What is required |
Up to and including the line with "turns to her.", write out the listing from its first line, minus the pictures.
[Opening Data extracts section]
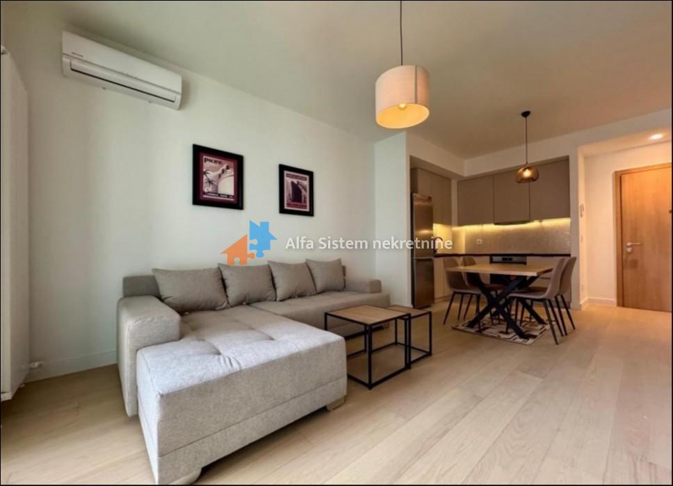 Opis stana: Stan se sastoji od ulaznog hodnika, prostrane dnevne sobe sa izlazom na terasu koja pruža pogled na reku Savu, kuhinje sa trpezarijom, spavaće sobe, kupatila i vešernice. Stan je neuseljavan i kompletno opremljen luksuznim nameštajem.
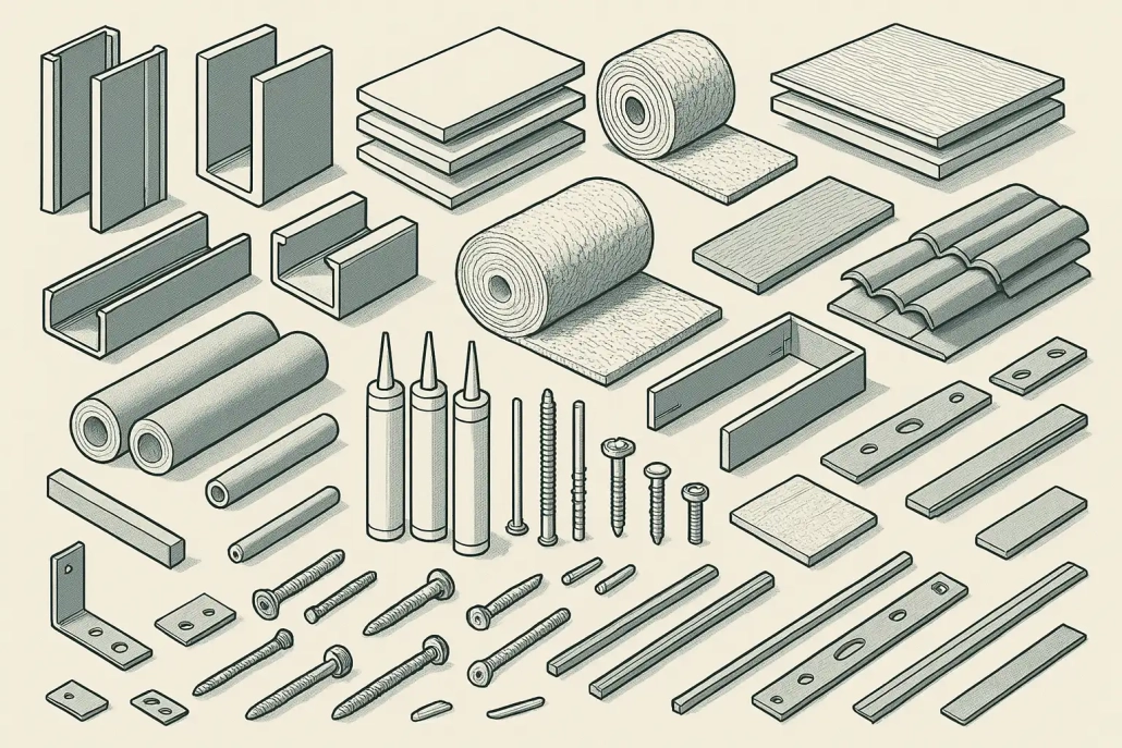 پیچ‌های مخصوص سرتخت یا نوک‌مته که برای اتصال پروفیل‌ها و نصب پانل‌ها به کار می‌روند، باید با تعداد و اندازه ذکر شوند. همچنین رولبولت و انواع اتصالات فلزی جانبی جزو مواردی هستند که گاهی از قلم می‌افتند اما بخش مهمی از بودجه را به خود اختصاص می‌دهند. پیشنهاد می‌کنیم همیشه از برندهای معتبر و دارای استاندارد برای این اقلام استفاده کنید تا ایمنی سازه تضمین شود.
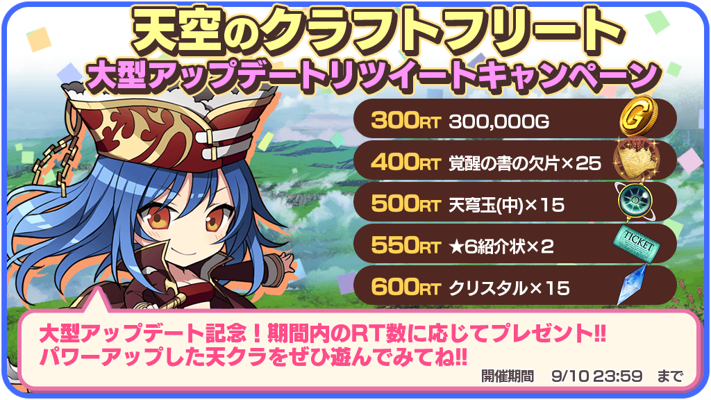 大型アップデートを記念してTwitterリツイートキャンペーンを開催(*'ω'*)
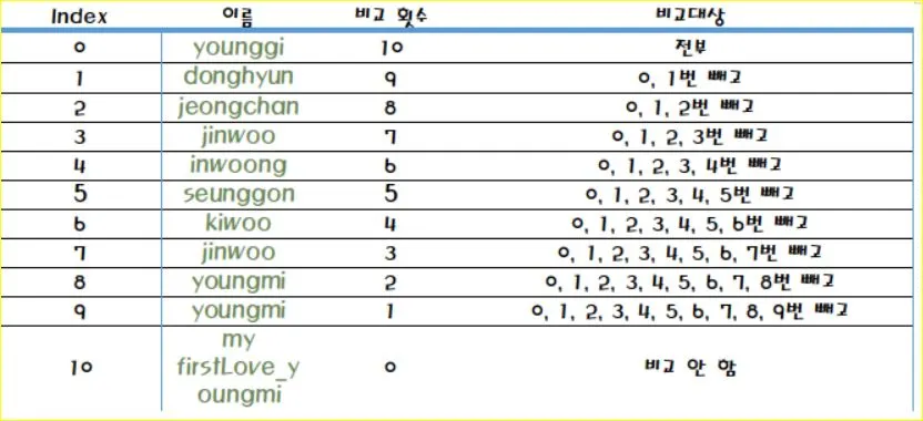 0번 위치 이름: n-1번 비교(자기를 제외한 모든 이름과 비교)
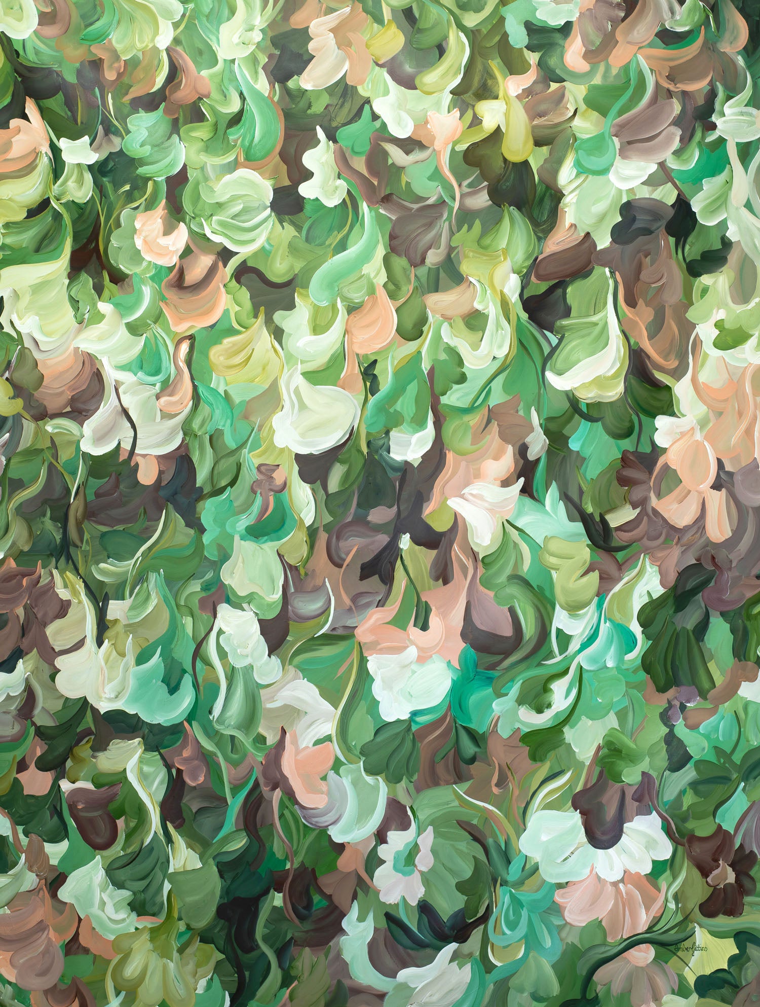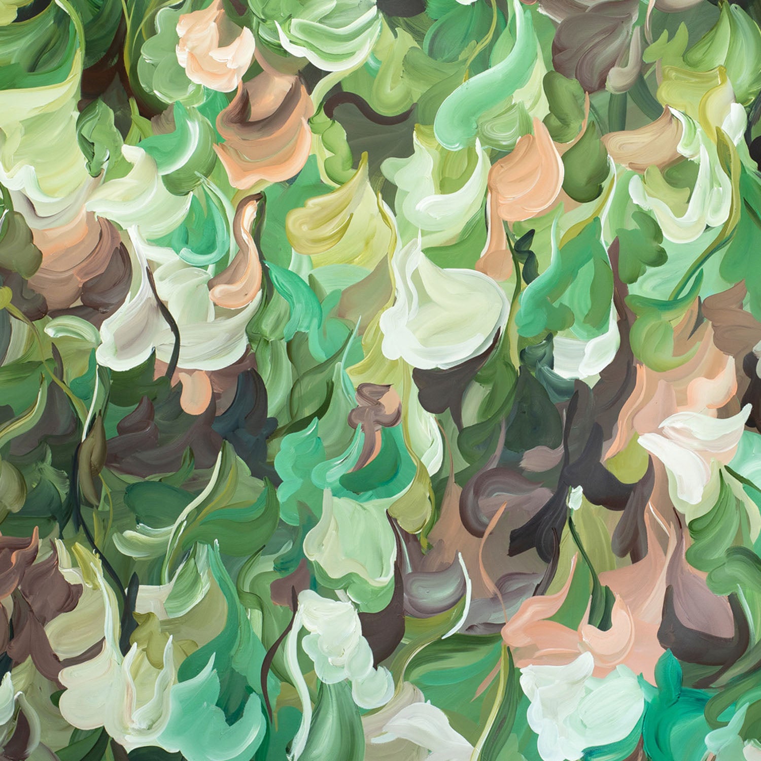 Unique abstract flowing brushstrokes to create movement and tranquility. Bringing the calming and joyful elements of nature and wellness into your room.
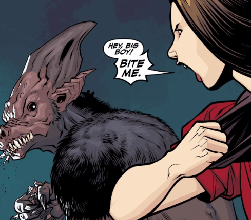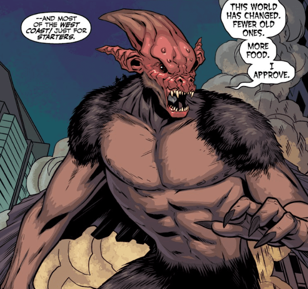 “Hey, big boy… Bite me!” Dawn yells at that moment, punching the Old One, but he takes the blow and turns to her.
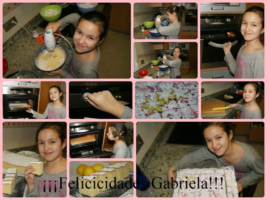 ¿Cómo lo hacemos? Pues en esta ocasión el tamaño sí importa!!! Hay que hacer un bizcocho a lo bestia, con grandes cantidades de todo y poder meterlo en el horno de casa. El que os presento hoy, es un bizcocho que pesa 1,800 Kg. Lo he cortado en pedacitos para que no anden buscando un cuchillo por el colegio y salen 36 raciones de 50 g cada una. Seguro que les sobra, pero eso no es poblema porque está tan rico y jugoso, que habrá voluntarios para repetir y además algún que otro profesor se apuntará a la merendola. Así que manos a la obra y hagamos un gran bizcocho para que nuestros peques triunfen el día de su cumpleaños. Además, también pueden ayudar a prepararlo y el triunfo es doble!
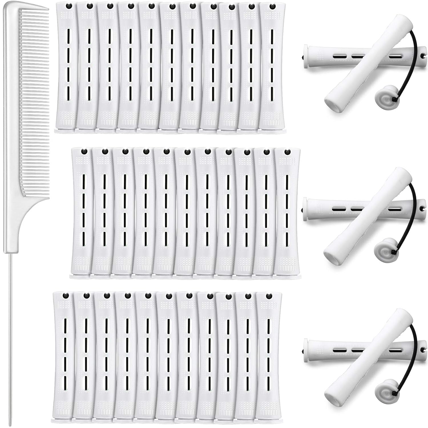 - Simple to apply: just use the rat tail comb to separate a small handful of slightly damp or dry hair, and wrap it on the rods; Then use the rubber band to fix it, does not require heating, no harm to the hair; Just wait for a while, you can make a natural curling hairstyle, adjust the direction of starting roll hair in or out can create various hair wave
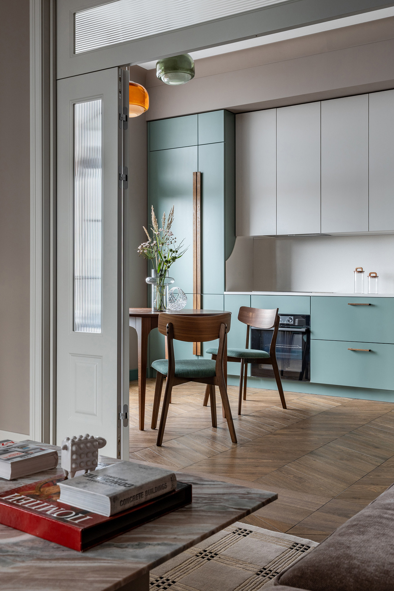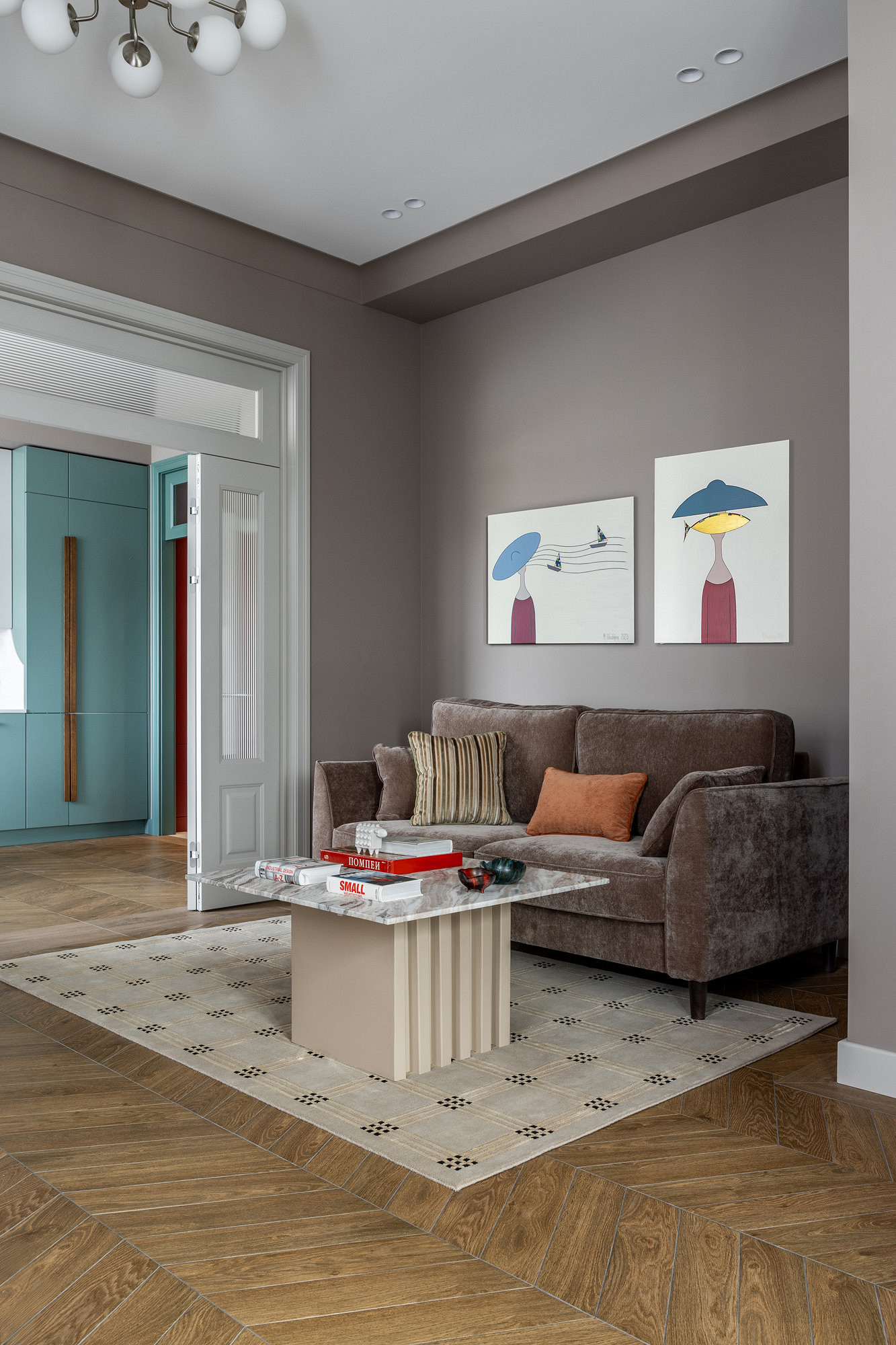 Этот сложный коричнево-серый тон с бархатистой глубиной стал идеальным фоном. Трюфель задает интерьеру благородное настроение. Он работает в паре с четкой геометрией пространства и высокими двойными дверями, подчеркивая архитектурность и элегантность современного интерьера.
[Closing Data extracts section]
Answer for this exercise |
 Opis stana: Stan se sastoji od ulaznog hodnika, prostrane dnevne sobe sa izlazom na terasu koja pruža pogled na reku Savu, kuhinje sa trpezarijom, spavaće sobe, kupatila i vešernice. Stan je neuseljavan i kompletno opremljen luksuznim nameštajem.
 پیچ‌های مخصوص سرتخت یا نوک‌مته که برای اتصال پروفیل‌ها و نصب پانل‌ها به کار می‌روند، باید با تعداد و اندازه ذکر شوند. همچنین رولبولت و انواع اتصالات فلزی جانبی جزو مواردی هستند که گاهی از قلم می‌افتند اما بخش مهمی از بودجه را به خود اختصاص می‌دهند. پیشنهاد می‌کنیم همیشه از برندهای معتبر و دارای استاندارد برای این اقلام استفاده کنید تا ایمنی سازه تضمین شود.
 大型アップデートを記念してTwitterリツイートキャンペーンを開催(*'ω'*)
 0번 위치 이름: n-1번 비교(자기를 제외한 모든 이름과 비교)
 Unique abstract flowing brushstrokes to create movement and tranquility. Bringing the calming and joyful elements of nature and wellness into your room.
 “Hey, big boy… Bite me!” Dawn yells at that moment, punching the Old One, but he takes the blow and turns to her.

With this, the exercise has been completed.